こうして、イワト神殿は廃神殿となり、アマツテラスと生離姦唾螺の大きな力がぶつかり合い、神聖な力が相殺され、クリーチャーが自由に入り込むダンジョンとなってしまったのだった。
「えげつないことすんなあ、村のやつら……」
「同意や。そりゃ巫女も化けて出るで」
カイミルの昔語りを聞き、それぞれの思いを吐露する。他人のために命を懸けてまで必死に戦ったのに、守ろうとした相手から裏切られる。コージには他人事とは思えず、感情移入してしまいそうになるのを必死に堪えた。今問題なのは、世界が闇に包まれてしまった原因を知ること。昔話を聞いてハイ終わり、にはならない。
「アマツテラスと生離姦唾螺の話は分かりました。それで、その話と、暗くなってしまったことにどういった関係があるんです?」
(信託では、”蛇の化身たる巫女が目覚め、太陽の化身は鏡の中へとその身を隠す”とありました。太陽の化身がお隠れになったのですから、太陽が覆い隠され、世界が闇に包まれてしまったということでしょう。そして、お隠れになった原因は、生離姦唾螺との力の均衡が破れ、アマツテラスが劣勢に立たされたためかと)

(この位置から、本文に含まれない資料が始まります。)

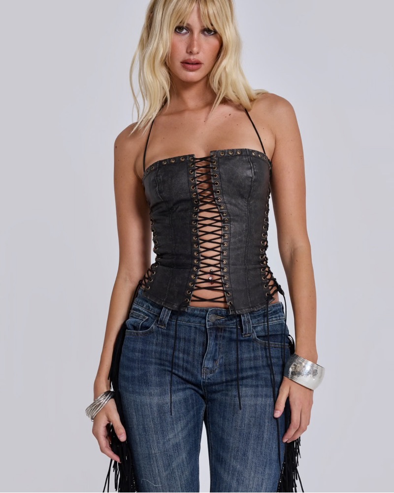 JADED London Leather Lace Up Corset Top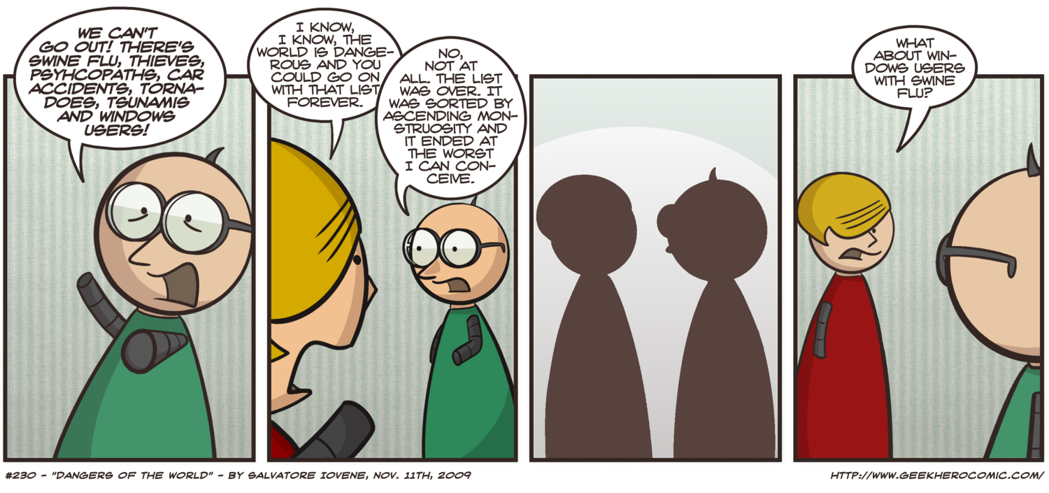 Geek Hero is a comic about Randall (friends call him Randie), a hardcore geek with the sweetest heart. Randall is an Open Source developer for a large company, a Debian user and sometimes doesn't relate well with his peers! Geek Hero is translated to German at Linux Community.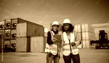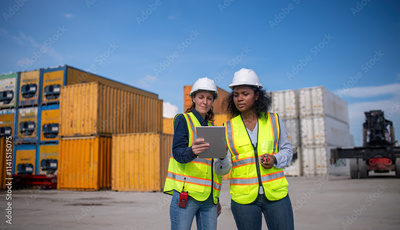 Engineer or dockworker working in the construction container dock yard checking and inspection containers data on computer program environment is container shipping Logistics business concept.
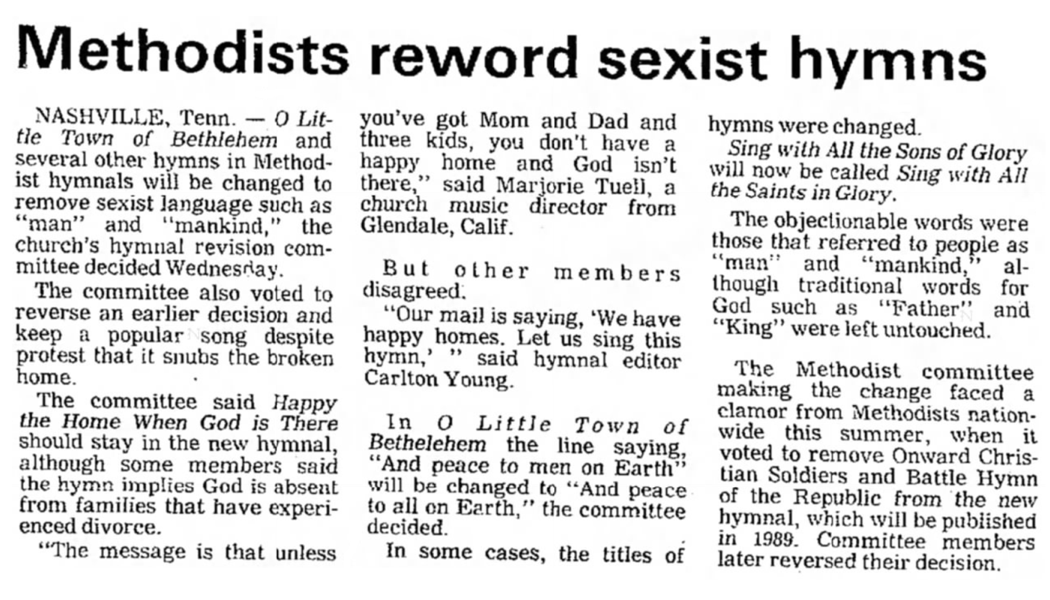 Looking up the new lyrics, I ran across an interesting article from 1986 about Methodists making a new hymnal. O Little Town of Bethlehem fared better than Onward Christian Soldiers and Battle Hymn of the Republic, which were removed completely. Fortunately, actual Methodists complained loudly enough that these powerful—and, in one case, anti-slavery—hymns were restored before publication.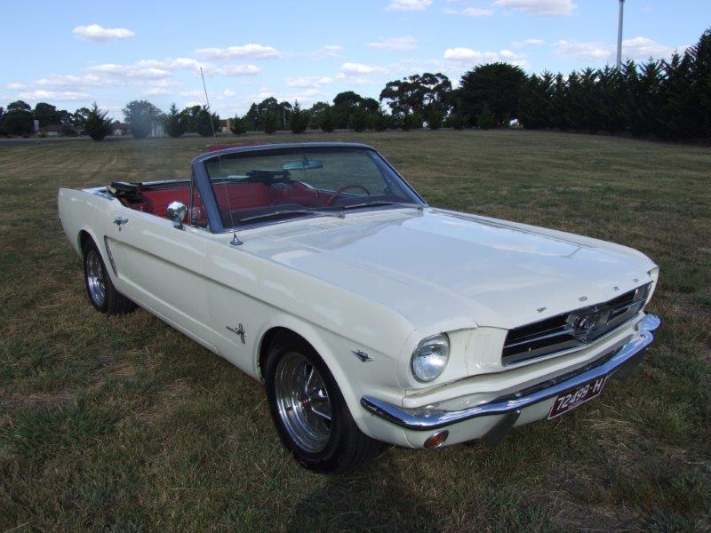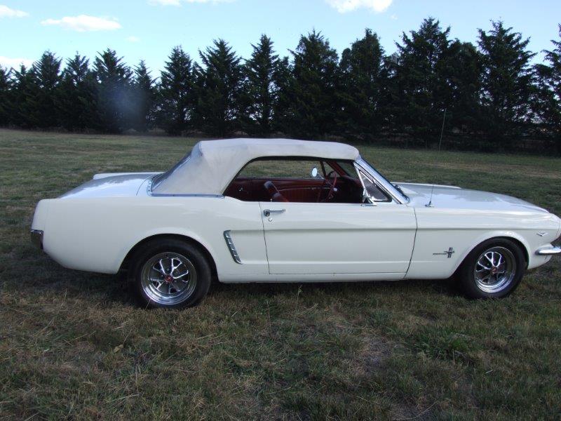 1965 Ford Mustang Convertible 289 V8 Auto VIN 5R08C138725 This convertible is an excellent daily driver and is sold with a Roadworthy Certificate .Perfect Convertible for a wedding hire business .Options include power steering , power disc brakes ,styled steel wheels . and power top . Wimbledon white with 1965 red interior one of the best combinations . Very clean convertible with excellent torque boxes and rails .Come out and buy the car and cruise home in style . SOLD Car ID#515 - Return to Index |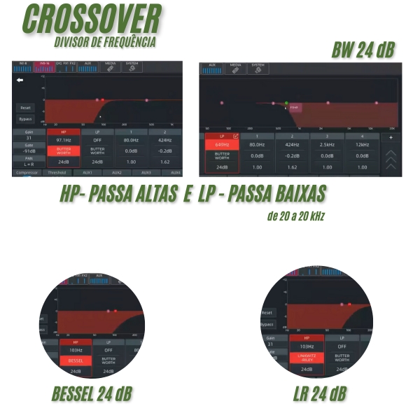 Que conte com 8 saídas auxiliares independentes ( AS SAÍDAS POSSUEM 8 EQUALIZADORES PARAMÉTRICOS + FILTROS PASSA ALTAS E BAIXAS DE 4° ORDEM (24dB) COM A OPÇÃO DE ESCOLHER O TIPO DE FILTRO LR, BW, BESSEL )

「でも、なぜそんなことに……。生離姦唾螺は封印されていたんでしょう?」
(ええ。アマツテラスの太陽の力は偉大で、単純な力比べであれば、封印された相手に遅れをとることなど考えられない。となれば、考えられる原因はひとつ。何者かが封印を解いてしまったとしか思えません)
封印が解けて自由の身になってしまえば、いかにアマツテラスといえど、実体のある生離姦唾螺の方が優勢になってしまう。鏡を依り代とする太陽では、恨みが詰まった闇は照らせない。闇に染まる前に、アマツテラスは鏡の中へと避難したのだろう、とカイミルはそう言った。
「つまり、太陽はかくれんぼしてるだけで、無くなったわけじゃない……ってことっすね」
「そういうことやね。蛇と力比べしながら、毎日太陽で照らしてくれてたなんて、よっぽど強い神様なんやろな、アマツテラスは」
「そんなに強い神様が力負けするほどの蛇が出てきちまったってことだよな。全く、誰だよ、余計なことしてくれたのは……!」
コージには思い当たることがあった。北屯所で出会った、態度と口が悪い盗賊と魔導士がいる四人組のパーティ。確か、あいつら……。
「なあ。今朝会った四人組、イワト神殿に行くって言ってなかったか?」
その言葉で、フミト達もはっとした。
「言ってました!」
「イワト神殿はクリーチャーだらけと聞いたことがある。あいつらはクリーチャー退治が目的だったみたいだし、十中八九神殿に入ってると思う」
「やたら露出の多い芸人も誘ってたなあ。あの芸人、どこからどう見てもトラブルメーカーやで」
(なるほど。おそらく、その方々が神殿に入り、意図せず封印を解いてしまったのでしょう。我々神官はもとより、旅人ですらイワト神殿には近づこうしませんから)
全く、迷惑なことをしてくれる。コージは思わず舌打ちしてしまった。
「自分達でケツ拭いてくれるならいいが、そんな奴らには見えなかったよな」
「見えへん見えへん」
「見えないっすね。何なら散らかすだけ散らかして、そのままほったらかして帰るタイプっす」
三人の見解が一致した。あの四人は期待できない。誰かがどうにかしないと、この世界は真っ暗闇に包まれたままになってしまう。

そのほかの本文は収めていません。